◆ DESCRIPTION OF THE TASK
Line by line, copy the records below exactly and leave the pictures out.

----- EXCERPTED RECORDS -----

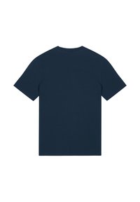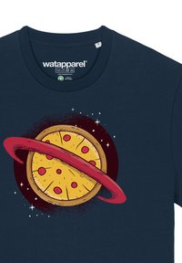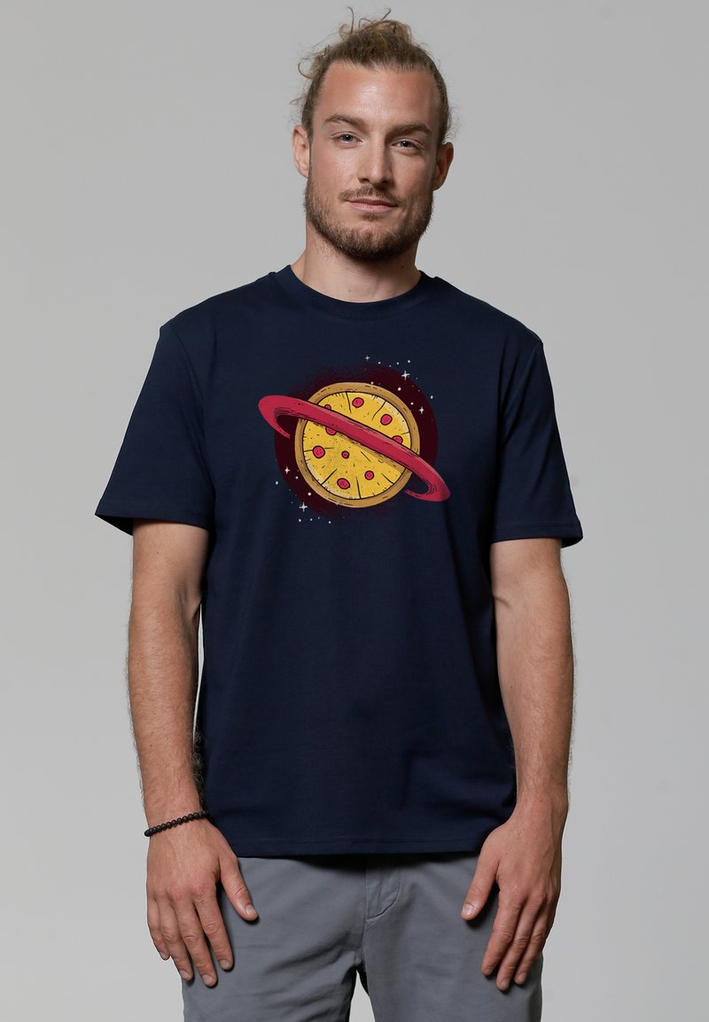 T-shirt en coton bleu marine avec un graphique d'une planète pizza entourée de points ressemblant à des étoiles, sur un fond neutre.
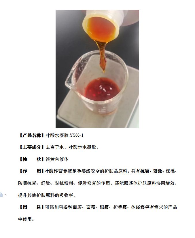 产品特点: 叶酸锌营养液是北大研发的一款新型的活性护肤原料,叶酸对DNA合成、细胞新陈代谢等生理过程具有极强的促进作用,可促进DNA断链再次结合,从而有效修复因紫外线造成的皮肤损伤。 · 孕婴级日化原料更加温和 安全 ·具有抗皱紧致、吸收紫外线,细胞划痕修复等功效 ·性状稳定,配伍性好,配方稳定性高
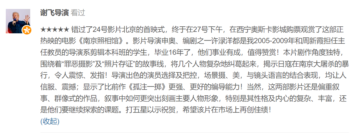 先说《南京照相馆》,谢飞导演打出五星,给了极高的评价。但重点是“当然”两个字后面的转折,他认为《南京照相馆》和《孤注一掷》一样偏重叙事、群像式的作品,那句“叙事中如何更突出刻画人物形象,特别是其性格及内心的复杂、丰富,还是他们要继续探索的课题”而打五星有“以示祝贺”的成分,很显然“如何”后面的部分,其实就是在点出电影的不足。
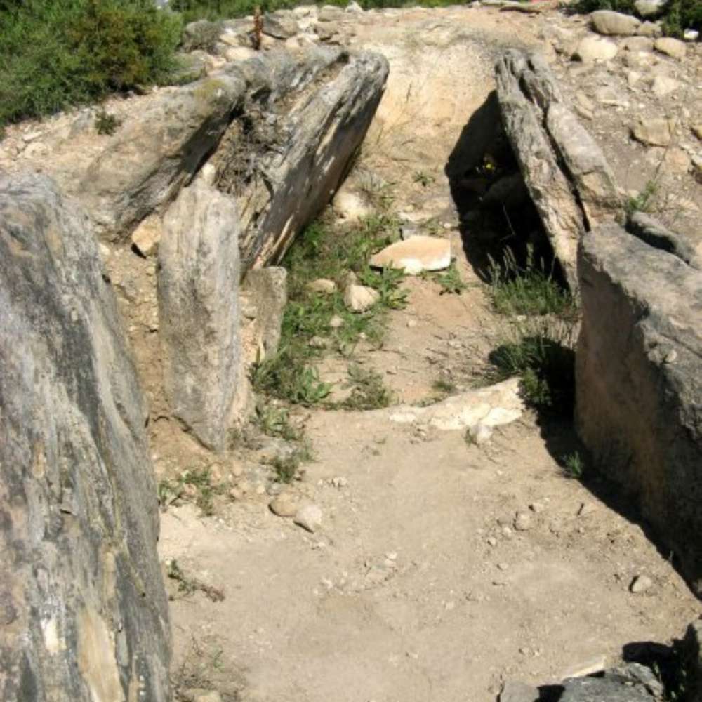 3) SEPULCRE DE PLANS DE FERRAN (Argençola): un sepulcre del tipus petit quadrangular, del període Bronze mitja-antic, és a dir de principi del segon mil·leni aC. En les seves proximitats hi ha uns relleus a la roca identificats com l’arbre de la vida.
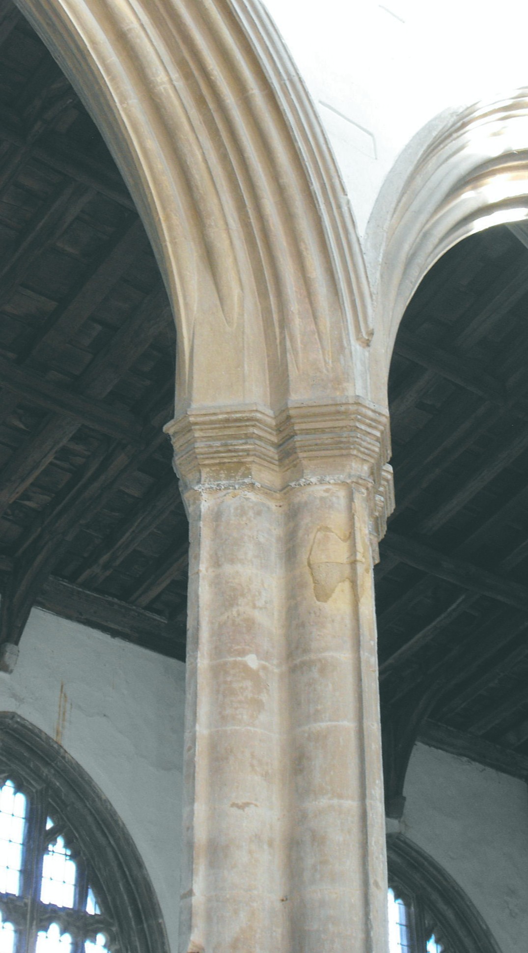 Inside the church it is, naturally, the nave arcades that are initially most striking. The piers are formed of four shafts separated by hollows, with fillets running down the foils and a semi-octagonal capitals to each foil (as seen in the photograph of one of the N. piers, below left), while the non-standard arches above carry a pair of rolls separated by a deep hollow on each of their two orders. The chancel arch is similar but here the most interesting features are the doors alongside the southern faces of the responds, with crocketed ogee hood-moulds opening into the rood turrets, that to the north opening above at the level of the former rood loft, and that to the south, opening higher up, at the springing level of the arch, suggesting there was once a loft here also.
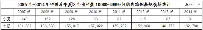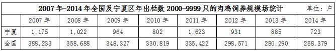 不僅如此,在肉雞飼養(yǎng)場的規(guī)模上也有明顯的差距。據(jù)wind數(shù)據(jù)統(tǒng)計,2014年,寧夏區(qū)內肉雞年出欄數(shù)在1-1999只的肉雞飼養(yǎng)規(guī)模場戶數(shù)為133734戶,當年全國同規(guī)模的飼養(yǎng)場戶數(shù)高達21644679戶,占比為0.62%;年出欄數(shù)在2000-9999只的肉雞飼養(yǎng)規(guī)模戶數(shù),寧夏地區(qū)為723戶,全國為258379戶,占比0.28%;年出欄數(shù)在10000-49999只的肉雞飼養(yǎng)規(guī)模戶數(shù),寧夏地區(qū)為91戶,全國為132780戶,占比為0.07%。
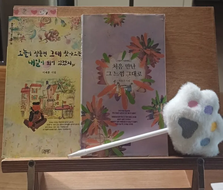책장 정리 중 발견한 누르스름한 시집 두 권

-----

◆ ANSWER SPACE
 T-shirt en coton bleu marine avec un graphique d'une planète pizza entourée de points ressemblant à des étoiles, sur un fond neutre.
 产品特点: 叶酸锌营养液是北大研发的一款新型的活性护肤原料,叶酸对DNA合成、细胞新陈代谢等生理过程具有极强的促进作用,可促进DNA断链再次结合,从而有效修复因紫外线造成的皮肤损伤。 · 孕婴级日化原料更加温和 安全 ·具有抗皱紧致、吸收紫外线,细胞划痕修复等功效 ·性状稳定,配伍性好,配方稳定性高
 先说《南京照相馆》,谢飞导演打出五星,给了极高的评价。但重点是“当然”两个字后面的转折,他认为《南京照相馆》和《孤注一掷》一样偏重叙事、群像式的作品,那句“叙事中如何更突出刻画人物形象,特别是其性格及内心的复杂、丰富,还是他们要继续探索的课题”而打五星有“以示祝贺”的成分,很显然“如何”后面的部分,其实就是在点出电影的不足。
 3) SEPULCRE DE PLANS DE FERRAN (Argençola): un sepulcre del tipus petit quadrangular, del període Bronze mitja-antic, és a dir de principi del segon mil·leni aC. En les seves proximitats hi ha uns relleus a la roca identificats com l’arbre de la vida.
 Inside the church it is, naturally, the nave arcades that are initially most striking. The piers are formed of four shafts separated by hollows, with fillets running down the foils and a semi-octagonal capitals to each foil (as seen in the photograph of one of the N. piers, below left), while the non-standard arches above carry a pair of rolls separated by a deep hollow on each of their two orders. The chancel arch is similar but here the most interesting features are the doors alongside the southern faces of the responds, with crocketed ogee hood-moulds opening into the rood turrets, that to the north opening above at the level of the former rood loft, and that to the south, opening higher up, at the springing level of the arch, suggesting there was once a loft here also.
 不僅如此,在肉雞飼養(yǎng)場的規(guī)模上也有明顯的差距。據(jù)wind數(shù)據(jù)統(tǒng)計,2014年,寧夏區(qū)內肉雞年出欄數(shù)在1-1999只的肉雞飼養(yǎng)規(guī)模場戶數(shù)為133734戶,當年全國同規(guī)模的飼養(yǎng)場戶數(shù)高達21644679戶,占比為0.62%;年出欄數(shù)在2000-9999只的肉雞飼養(yǎng)規(guī)模戶數(shù),寧夏地區(qū)為723戶,全國為258379戶,占比0.28%;年出欄數(shù)在10000-49999只的肉雞飼養(yǎng)規(guī)模戶數(shù),寧夏地區(qū)為91戶,全國為132780戶,占比為0.07%。
책장 정리 중 발견한 누르스름한 시집 두 권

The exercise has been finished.